= Beginning of Section =

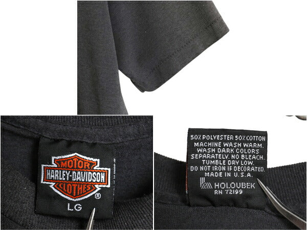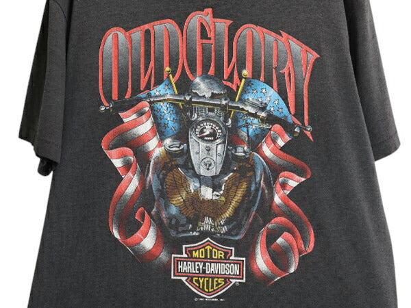 90s USA製 ★ ハーレー ダビッドソン イラスト プリント Tシャツ メンズ L 古着 オールド オフィシャル バイク 星条旗 イーグル アート 黒
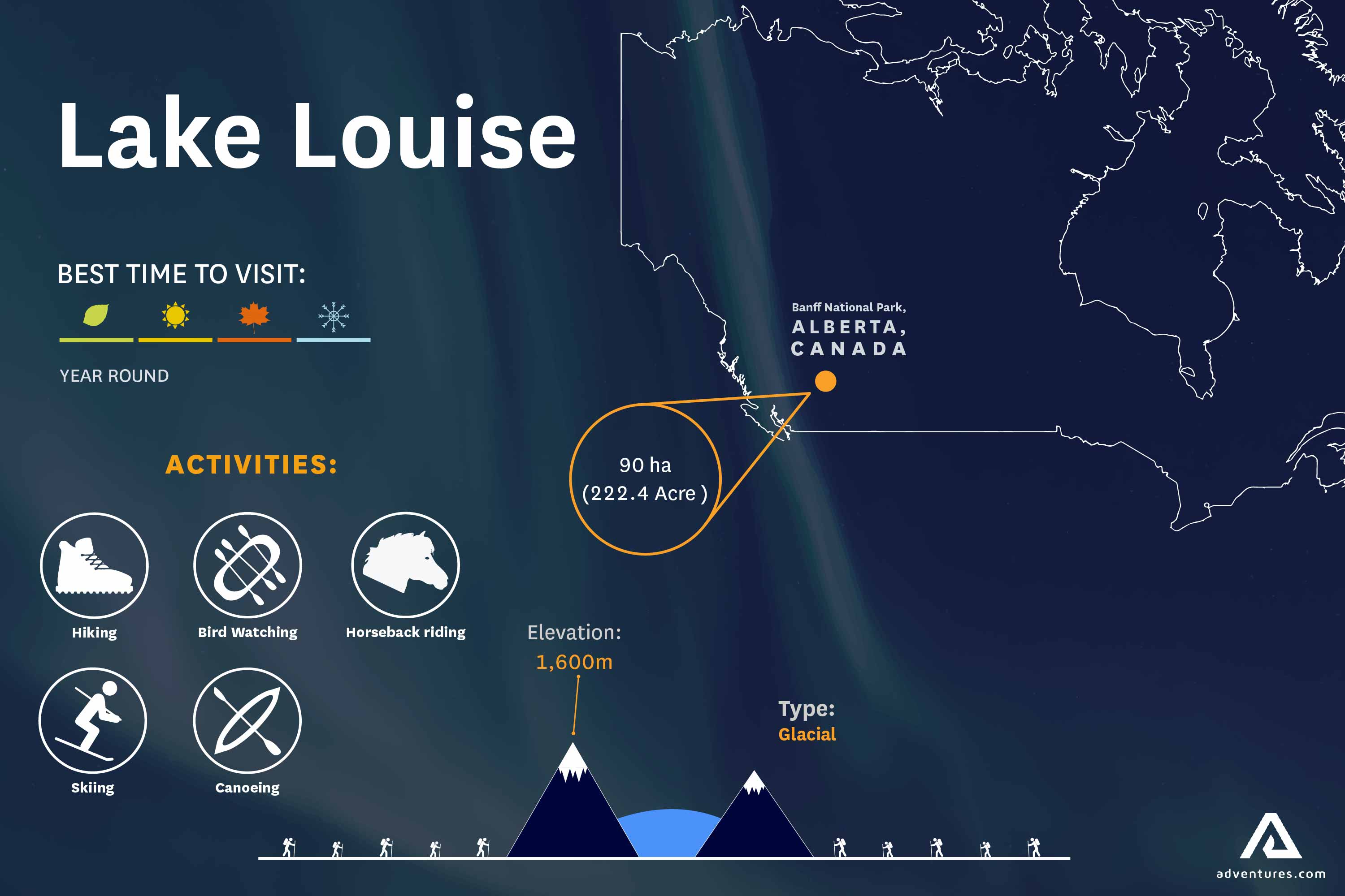 Lake Louise is located in Banff National Park, Canada’s oldest national park, in the Canadian province of Alberta. It sits at an elevation of 5,679 ft (1,731 m) making it Canada's highest permanent settlement. The lake extends northeast for around 1,5 mi (2.4 km) and is around 0.75 mi (1.2 km) at its widest point. The Lake Louise area is separated in two – the larger community is known as Lake Louise Village and is directly accessible via the Trans-Canada Highway, while Upper Lake Louise is directly next to the lake itself and contains the famous Lake Louise Chateau, along with a host of incredible hiking, biking, and horse-riding trails.
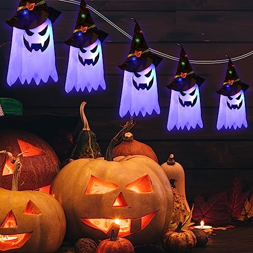 Halloween Luci Stringa,Luci della Festa di HalloweenFantasmi, 5 PCS Luci Stringa con Decorazioni Fantasma,Funziona a Batteria,Luci a LED per Decorazione Festa Giardino
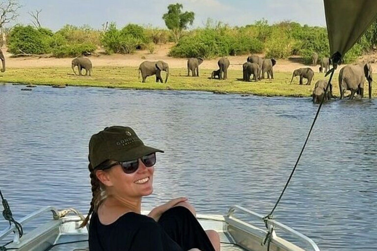 In der Wasserader vor unserem Camp spiegeln sich die Bäume wider, die leicht im Wind schunkeln. Die Sonne geht in weiter Ferne unter und verwandelt das Land in magische Farben. Nach dem Abendessen bin ich bereit, meine erste Nacht im Busch zu verbringen und freue mich auf mein Bett. Ich verbringe diese erste Nacht jedoch nicht alleine: gegen Mitternacht entscheiden die Elefanten, dass die Bäume direkt neben meinem Zelt am leckersten sind und verbleiben die Nacht dort. Immer wieder werde ich vom Klang zerbrechender Äste und vom Kauen der sanften Riesen aus dem Schlaf geholt. So wird man jedoch gerne geweckt. Im Delta nimmt mich der Guide auf eine Fußpirsch und eine weitere Mokorofahrt mit. Die Farben der Region sind trotz der Trockenzeit sensationell.
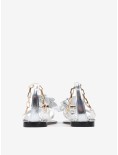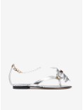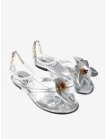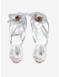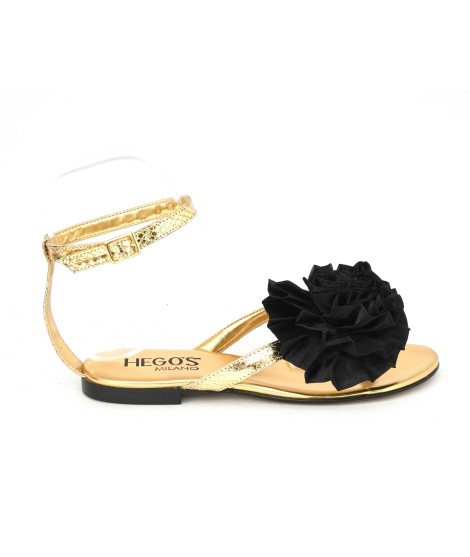 I sandali HEGO'S Milano sono un elemento elegante del tuo guardaroba estivo. La tomaia argentata è decorata con un grande fiore in tinta. I sandali si allacciano intorno alla caviglia con un cinturino fatto di perle e catena.
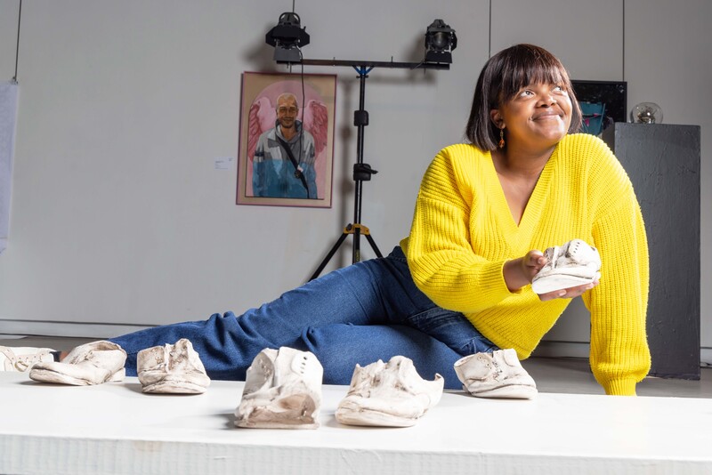 Matikinca won the coveted title for her work titled Ndiziphiwe –They were given to me, a ceramic installation about underprivileged learners who wear school shoes that are handed down to them by their older siblings or family members. By immortalising these shoes through the ceramic slip-casting method, they have been given a new purpose. This process also enables the artist to capture the essence of the used shoes, including every mark, scratch and hole. As ceramic sculptures, the shoes have been symbolically restored, but are also very fragile and breakable. This fragility is a metaphor for the precarity of the public schooling system of our country, where black South African learners are subjected to sub-standard education.

= End of Section =

(Try it): A word-for-word copy is needed of the lines from the line with "Halloween Luci Stringa,Luci" through the last line of the entries above, with both ends kept and the pictures dropped.

(Solved problem):
 Halloween Luci Stringa,Luci della Festa di HalloweenFantasmi, 5 PCS Luci Stringa con Decorazioni Fantasma,Funziona a Batteria,Luci a LED per Decorazione Festa Giardino
 In der Wasserader vor unserem Camp spiegeln sich die Bäume wider, die leicht im Wind schunkeln. Die Sonne geht in weiter Ferne unter und verwandelt das Land in magische Farben. Nach dem Abendessen bin ich bereit, meine erste Nacht im Busch zu verbringen und freue mich auf mein Bett. Ich verbringe diese erste Nacht jedoch nicht alleine: gegen Mitternacht entscheiden die Elefanten, dass die Bäume direkt neben meinem Zelt am leckersten sind und verbleiben die Nacht dort. Immer wieder werde ich vom Klang zerbrechender Äste und vom Kauen der sanften Riesen aus dem Schlaf geholt. So wird man jedoch gerne geweckt. Im Delta nimmt mich der Guide auf eine Fußpirsch und eine weitere Mokorofahrt mit. Die Farben der Region sind trotz der Trockenzeit sensationell.
 I sandali HEGO'S Milano sono un elemento elegante del tuo guardaroba estivo. La tomaia argentata è decorata con un grande fiore in tinta. I sandali si allacciano intorno alla caviglia con un cinturino fatto di perle e catena.
 Matikinca won the coveted title for her work titled Ndiziphiwe –They were given to me, a ceramic installation about underprivileged learners who wear school shoes that are handed down to them by their older siblings or family members. By immortalising these shoes through the ceramic slip-casting method, they have been given a new purpose. This process also enables the artist to capture the essence of the used shoes, including every mark, scratch and hole. As ceramic sculptures, the shoes have been symbolically restored, but are also very fragile and breakable. This fragility is a metaphor for the precarity of the public schooling system of our country, where black South African learners are subjected to sub-standard education.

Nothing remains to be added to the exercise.